What is the LCM of 24 and 9?
Understand the Problem
The question is asking for the least common multiple (LCM) of the two numbers, 24 and 9. To find the LCM, we will determine the smallest multiple that both numbers share.
Answer
The LCM of 24 and 9 is $72$.
Answer for screen readers
The least common multiple (LCM) of 24 and 9 is $72$.
Steps to Solve
- Find the prime factorization of each number
Start by breaking down 24 and 9 into their prime factors. For 24: $$ 24 = 2^3 \times 3^1 $$ For 9: $$ 9 = 3^2 $$
- Identify the highest powers of each prime factor
Next, identify the highest power of each prime factor found in either factorization.
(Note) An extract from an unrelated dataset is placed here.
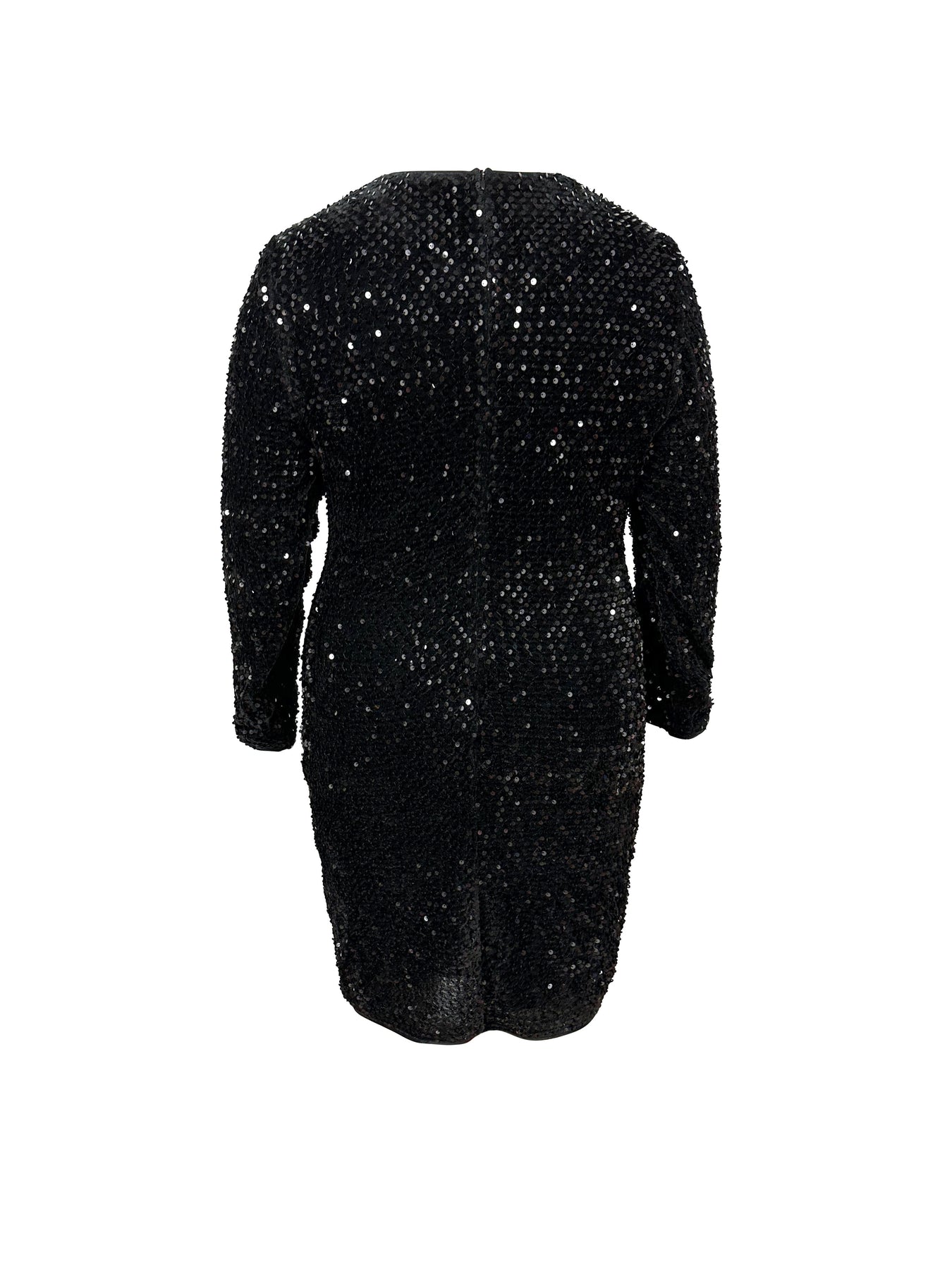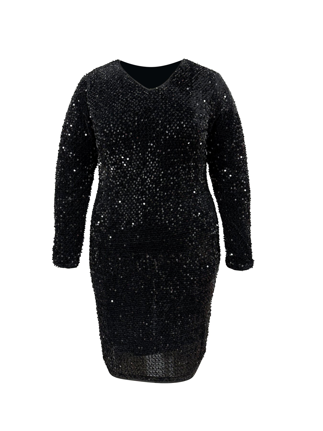 Make a statement at any formal event with our Plus Size Elegant Bridesmaid Dress. This stunning dress features a V-neckline, long sleeves, and a figure-flattering fit. The solid sequin design adds a touch of glamour to your look.

From 24:
- $2^3$ (highest power of 2)
- $3^1$ (from 24)
From 9:
- $3^2$ (highest power of 3)
The highest powers are:
- $2^3$
- $3^2$
- Multiply the highest powers together
Now, multiply these highest powers together to find the LCM. $$ LCM = 2^3 \times 3^2 $$
- Calculate the final result
Now, calculate the multiplication.
- First, $2^3 = 8$
- Then, $3^2 = 9$ Now multiply these together: $$ LCM = 8 \times 9 = 72 $$
The least common multiple (LCM) of 24 and 9 is $72$.
More Information
The least common multiple (LCM) is useful in various fields such as finding common denominators in fractions. In this case, $72$ is the smallest number that both 24 and 9 can divide into without leaving a remainder.
Tips
- Forgetting to consider all prime factors from both numbers.
- Not taking the highest power of each prime factor.
- Confusing LCM with GCD (Greatest Common Divisor).